I don’t know. In the end it turned out the way it could have turned out. We said that it was a first step, that we had to continue with a dialogue between agricultural businessmen and workers. What we achieved in the brief Government of eight months and eleven days is to manage the protests with a minimum of damage and lay the foundations for continued work. That was not done.
This is a context of growing citizen insecurity where the role of the Police is permanently evaluated in public discussion. His Government promoted the last attempt at reform, but it did not advance. A bases commission was installed. Shouldn’t more effort have been put into it?
It was impossible because of the following: remember that we were in the middle of a pandemic. The Police had functions of maintaining public order and they were overwhelmed. There was already a Police reform commission that had been working for a long time and what we did was complete and accelerate the work and during my Government the basic guidelines of the Mariano Santos Plan were given, with a whole series of proposals. It was presented three months before we ended the Government. To think that we were going and implementing that plan was crazy.
In your book you make an interesting comment about your election as president of Congress and therefore as president of the Republic, that deep down you felt that those who elected you, many of them your staunch enemies…
Staunch opponents.
That, you say, they expected your failure.
One has ways. I have been a congressman, I had many friends and well-known members of the Congressional staff who informed me that some congressmen said “look, the situation is so serious that we appointed Sagasti and he is going to fail because he is an intellectual who does not know these things.” and then we come back.” At least there were two or three comments from opposition congressmen who were there.
He also praises moderation as a political quality necessary to generate trust. You consider yourself a moderate.
I try to be, at least. Sometimes one goes…
Sometimes they accuse him of being lukewarm for that, even.
That’s the least of it.
Is it a bad time for moderates? A far-right mob attacked the presentation of one of his books.
I talk about radical moderation, moderation in the sense of listening to everyone. I don’t block, I listen to all opinions and points of view. But then I don’t stop there. When you hear extremist points of view or approaches based on corrupt interests or particular interests, you reject them.

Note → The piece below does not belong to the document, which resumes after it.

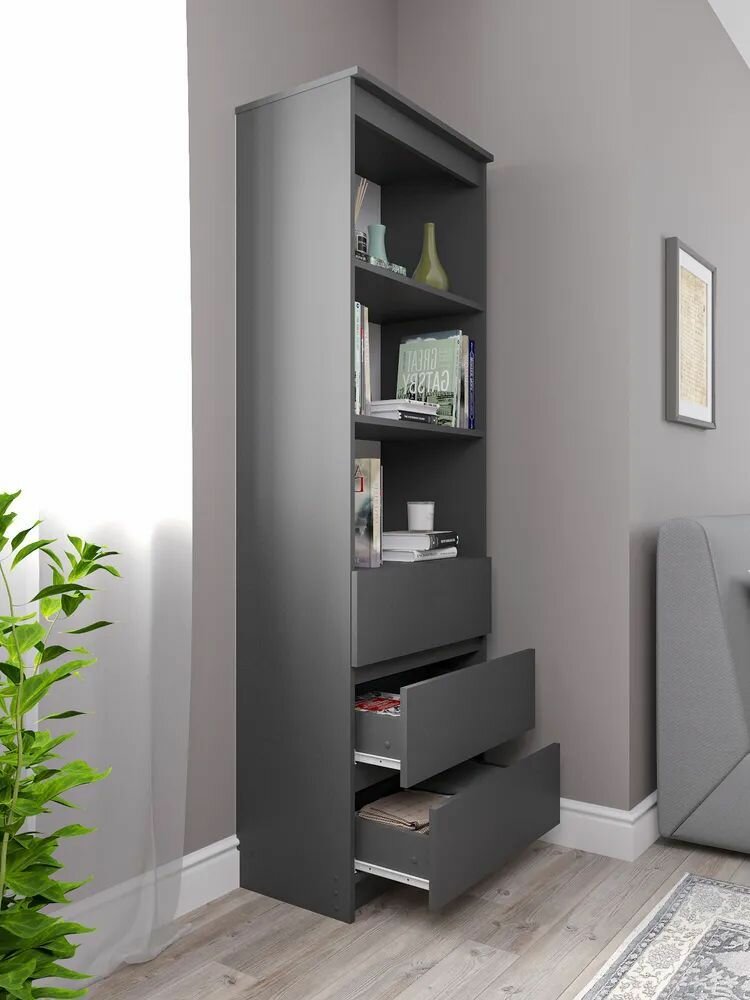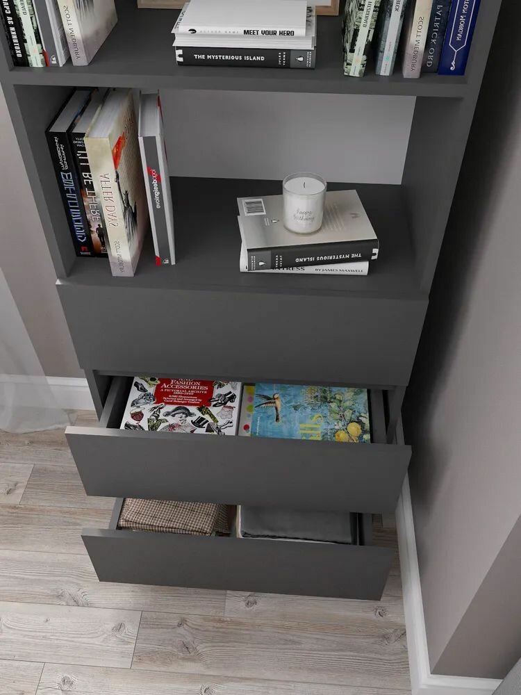 Стеллаж деревянный Нонтон Симпл графит 40.2x51.4x190 см, с ящиками
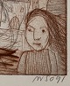 William Skotte Olsen. Erasure in colors. Signed WSO91. silverframe whit passerpartout.

There is no contradiction between being moderate to listen to everyone at least once and radical when exposing those who do not want to play according to the rules of the democratic game or are an extremist who wants to impose themselves with blood and fire. Isaiah Berlin said that in the name of tolerance we have the right not to tolerate the intolerant. In that sense you have to be radical, but moderate in the sense of being open to all points of view. What we have had in our country for many years are people who lock themselves into a single point of view and do not want to listen to anything else.